▶ [Directions for this task]:
Setting pictures aside, output exactly the lines from the start of the records to the line with "触ってみるとふっかふかで気持ちいい! クッションファンデのパフなので、 しっかりはしているんだけど", that line included.

▶ [Material for this exercise]:
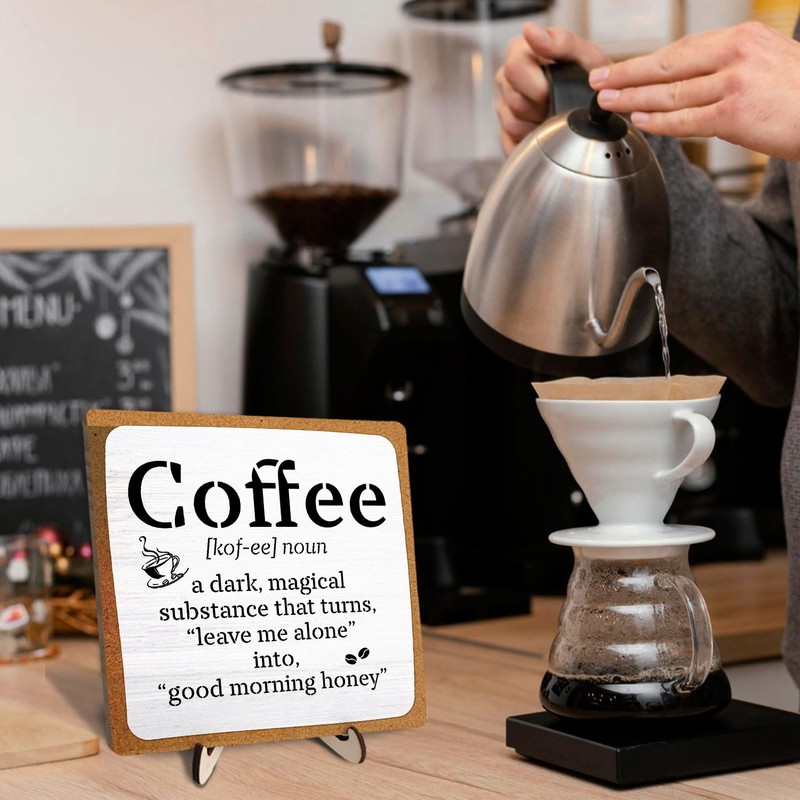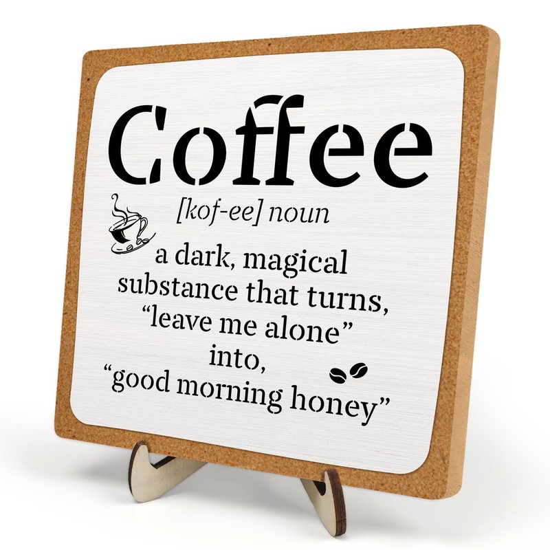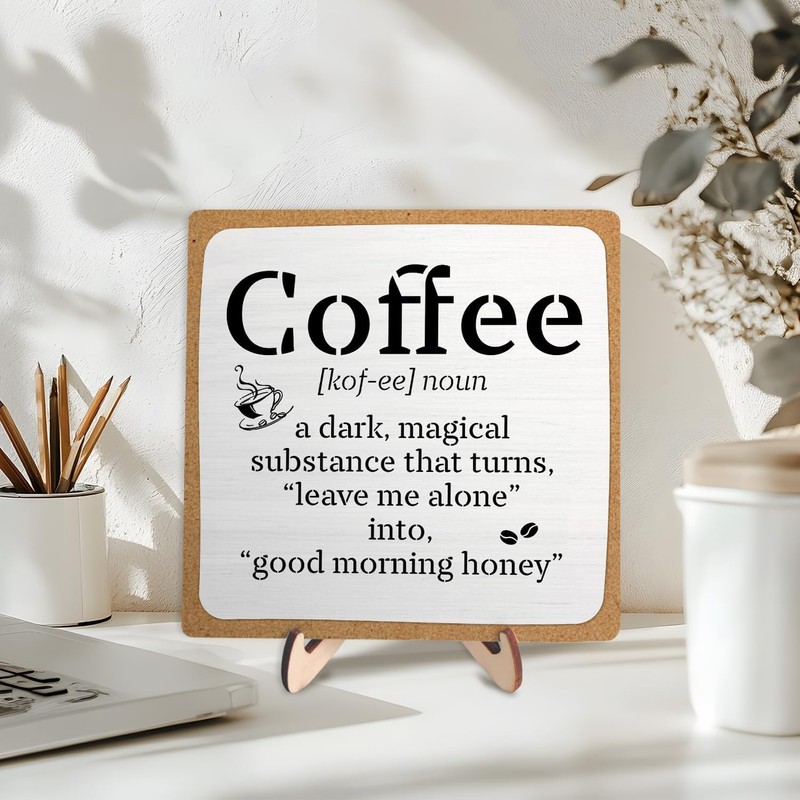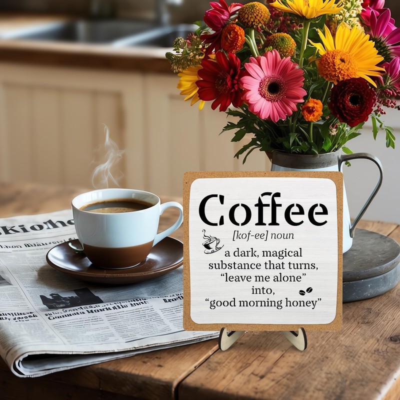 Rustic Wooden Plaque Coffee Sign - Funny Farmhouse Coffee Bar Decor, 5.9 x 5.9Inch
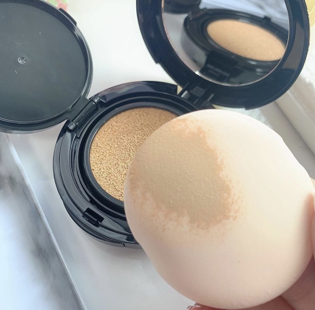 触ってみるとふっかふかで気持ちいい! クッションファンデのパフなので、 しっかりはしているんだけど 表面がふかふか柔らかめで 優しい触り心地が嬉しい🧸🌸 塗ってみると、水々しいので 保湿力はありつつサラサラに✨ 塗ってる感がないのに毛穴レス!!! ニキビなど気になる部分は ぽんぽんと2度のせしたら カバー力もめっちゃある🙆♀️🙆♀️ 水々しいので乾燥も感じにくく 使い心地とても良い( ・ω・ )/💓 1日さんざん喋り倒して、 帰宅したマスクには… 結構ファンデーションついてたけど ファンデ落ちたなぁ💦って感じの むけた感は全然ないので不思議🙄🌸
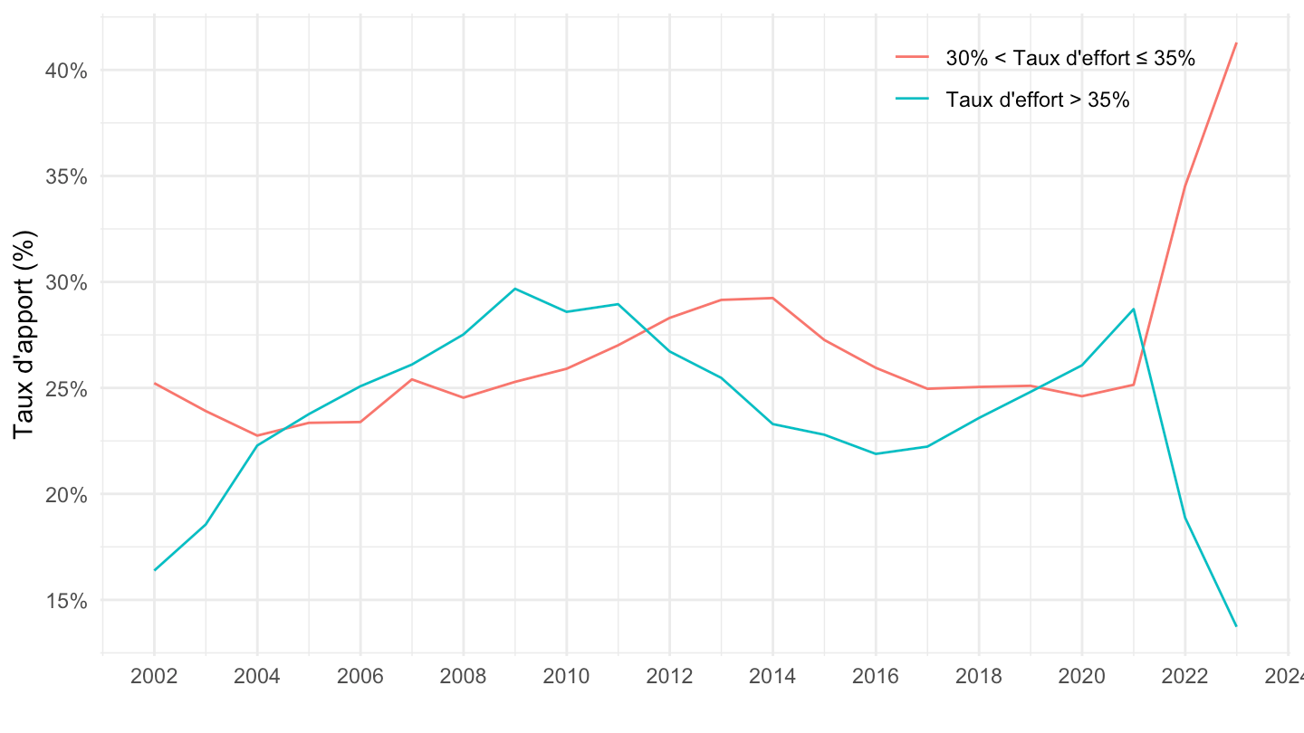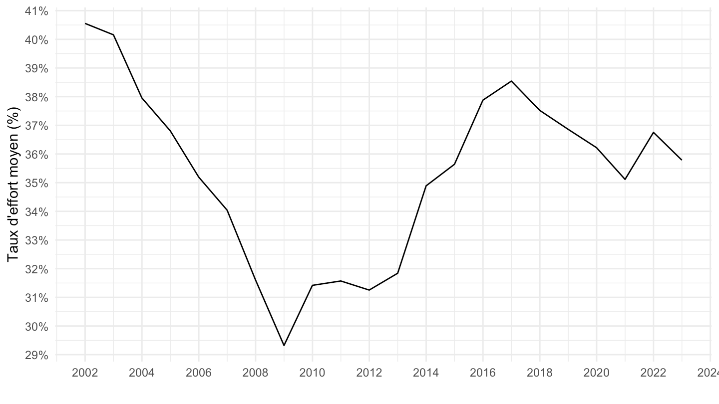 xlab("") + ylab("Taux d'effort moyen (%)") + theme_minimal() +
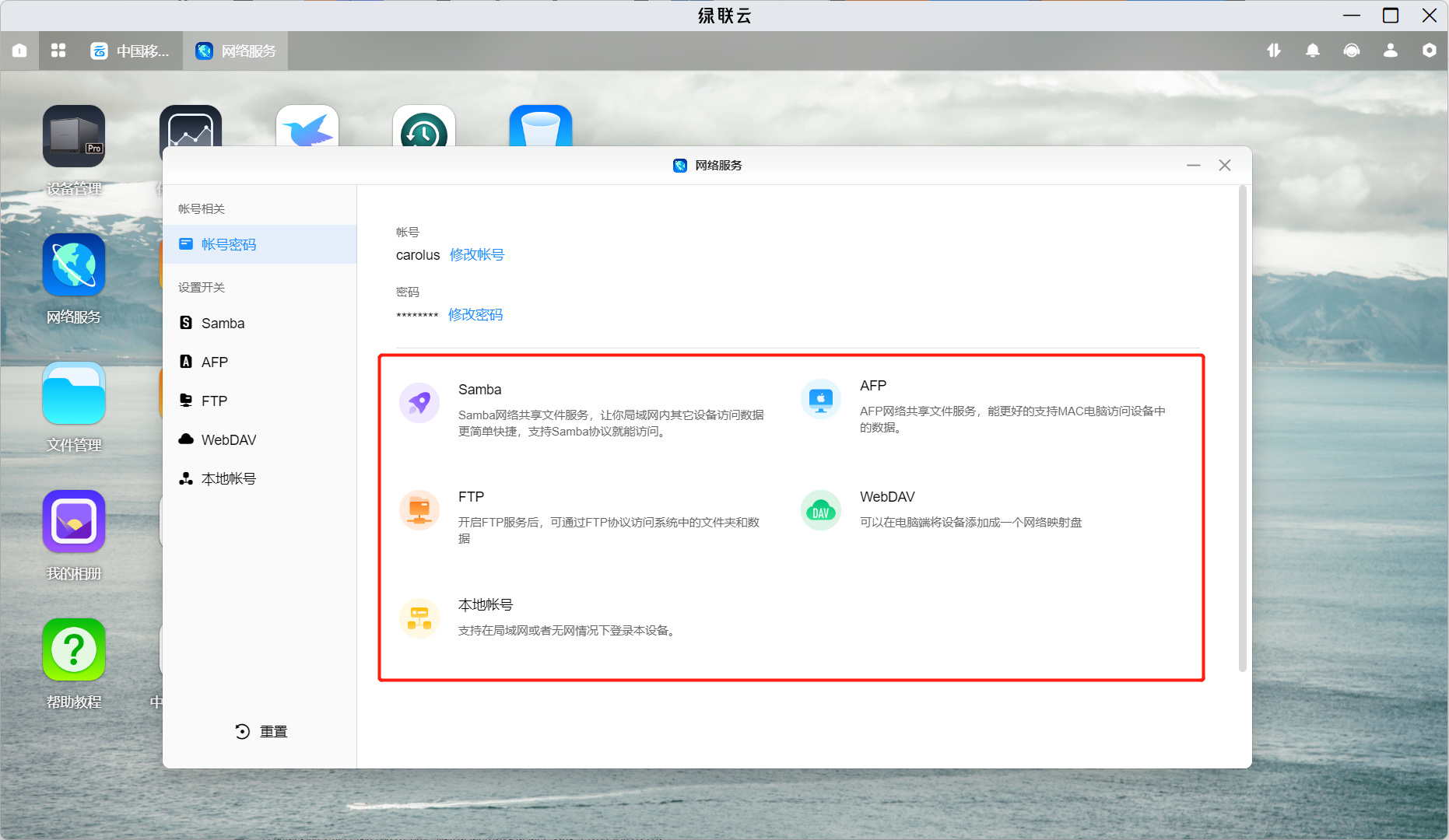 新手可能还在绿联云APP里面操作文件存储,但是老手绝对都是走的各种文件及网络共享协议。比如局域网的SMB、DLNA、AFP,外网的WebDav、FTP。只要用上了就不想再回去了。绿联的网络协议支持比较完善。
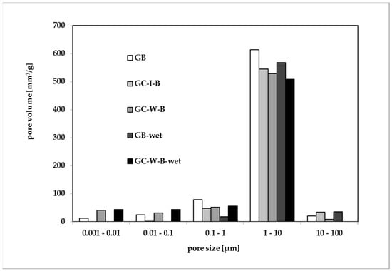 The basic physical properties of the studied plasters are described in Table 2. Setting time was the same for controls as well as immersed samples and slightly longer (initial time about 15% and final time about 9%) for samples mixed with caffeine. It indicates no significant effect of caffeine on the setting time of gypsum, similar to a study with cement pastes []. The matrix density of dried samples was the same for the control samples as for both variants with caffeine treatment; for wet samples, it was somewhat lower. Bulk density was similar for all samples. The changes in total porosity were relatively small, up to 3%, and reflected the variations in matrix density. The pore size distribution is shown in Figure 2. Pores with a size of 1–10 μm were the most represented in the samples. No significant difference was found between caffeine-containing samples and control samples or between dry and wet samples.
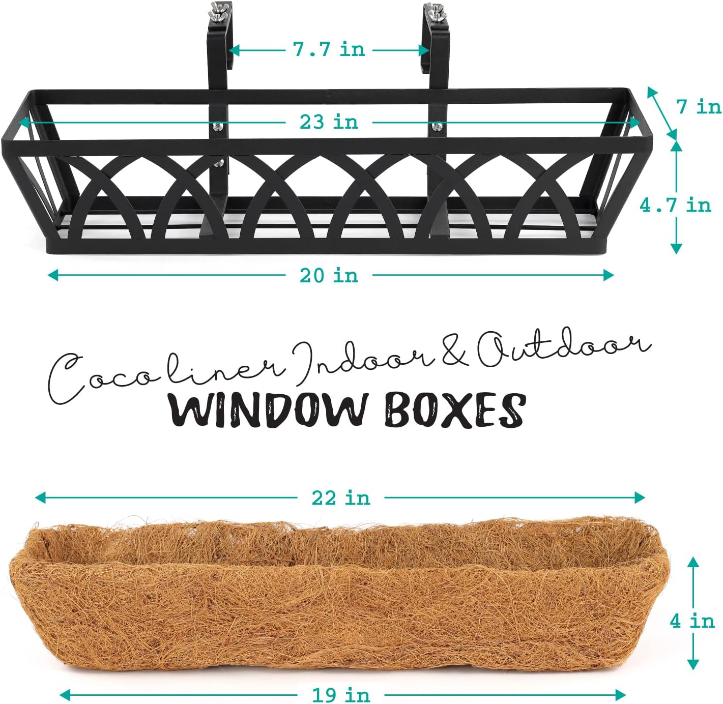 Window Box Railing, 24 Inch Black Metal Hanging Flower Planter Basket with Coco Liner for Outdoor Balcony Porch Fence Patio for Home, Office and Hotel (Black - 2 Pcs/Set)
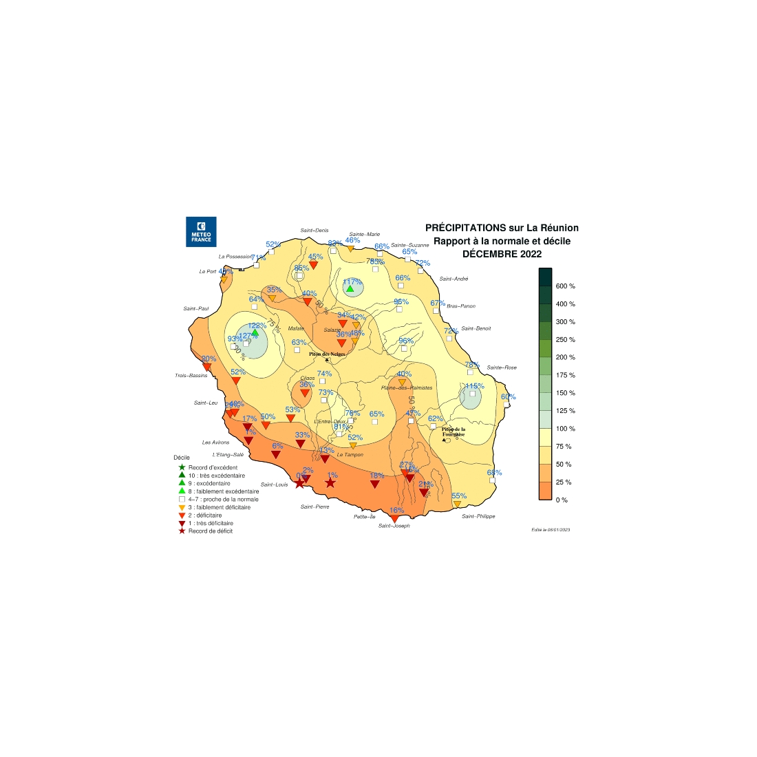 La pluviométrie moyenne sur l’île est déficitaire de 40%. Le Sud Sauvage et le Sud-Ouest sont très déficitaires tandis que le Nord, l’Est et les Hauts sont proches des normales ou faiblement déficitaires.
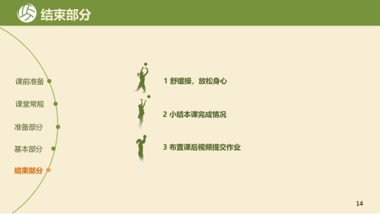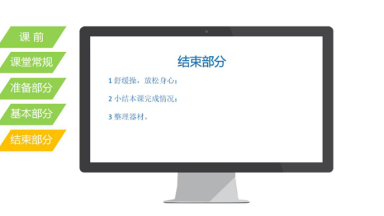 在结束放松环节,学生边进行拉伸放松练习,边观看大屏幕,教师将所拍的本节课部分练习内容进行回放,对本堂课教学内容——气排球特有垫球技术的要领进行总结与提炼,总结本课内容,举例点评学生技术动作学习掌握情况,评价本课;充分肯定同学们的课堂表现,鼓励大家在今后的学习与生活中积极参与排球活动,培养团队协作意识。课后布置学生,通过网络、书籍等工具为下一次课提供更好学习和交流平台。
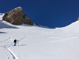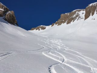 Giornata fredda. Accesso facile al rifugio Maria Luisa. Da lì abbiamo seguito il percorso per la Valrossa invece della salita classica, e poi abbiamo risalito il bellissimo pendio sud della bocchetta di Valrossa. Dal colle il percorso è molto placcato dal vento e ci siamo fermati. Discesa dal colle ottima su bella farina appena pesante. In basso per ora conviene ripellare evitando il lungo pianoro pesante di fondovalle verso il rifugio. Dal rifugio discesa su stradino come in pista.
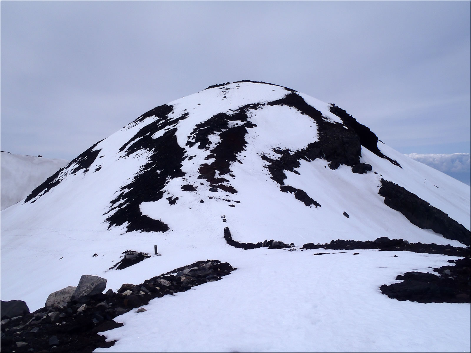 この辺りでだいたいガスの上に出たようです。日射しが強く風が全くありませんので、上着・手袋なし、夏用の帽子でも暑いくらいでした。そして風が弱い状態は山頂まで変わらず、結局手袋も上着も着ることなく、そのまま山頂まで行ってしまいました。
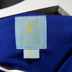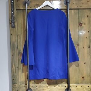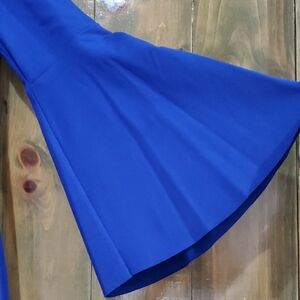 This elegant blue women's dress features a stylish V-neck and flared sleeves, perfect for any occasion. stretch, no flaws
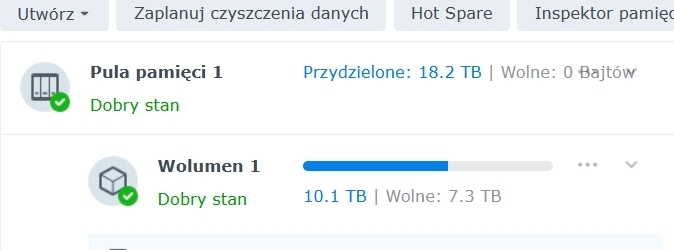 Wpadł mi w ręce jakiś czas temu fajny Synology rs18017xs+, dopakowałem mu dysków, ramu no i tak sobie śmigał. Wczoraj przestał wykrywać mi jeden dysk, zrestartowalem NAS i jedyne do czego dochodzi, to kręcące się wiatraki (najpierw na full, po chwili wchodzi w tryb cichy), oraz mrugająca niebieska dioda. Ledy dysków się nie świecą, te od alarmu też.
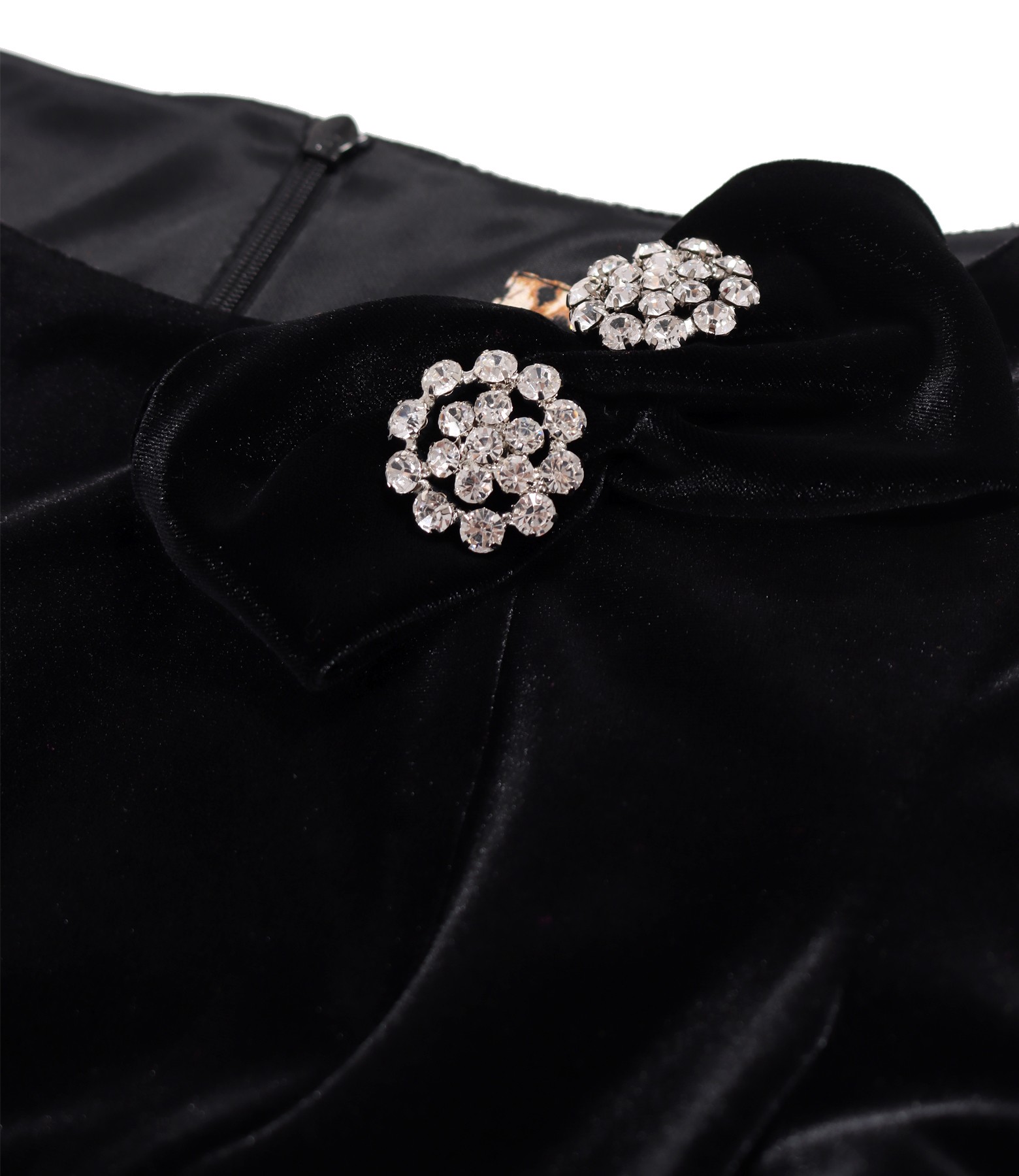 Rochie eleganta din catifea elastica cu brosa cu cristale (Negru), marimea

▶ [Reply]:
 Rustic Wooden Plaque Coffee Sign - Funny Farmhouse Coffee Bar Decor, 5.9 x 5.9Inch
 触ってみるとふっかふかで気持ちいい! クッションファンデのパフなので、 しっかりはしているんだけど 表面がふかふか柔らかめで 優しい触り心地が嬉しい🧸🌸 塗ってみると、水々しいので 保湿力はありつつサラサラに✨ 塗ってる感がないのに毛穴レス!!! ニキビなど気になる部分は ぽんぽんと2度のせしたら カバー力もめっちゃある🙆♀️🙆♀️ 水々しいので乾燥も感じにくく 使い心地とても良い( ・ω・ )/💓 1日さんざん喋り倒して、 帰宅したマスクには… 結構ファンデーションついてたけど ファンデ落ちたなぁ💦って感じの むけた感は全然ないので不思議🙄🌸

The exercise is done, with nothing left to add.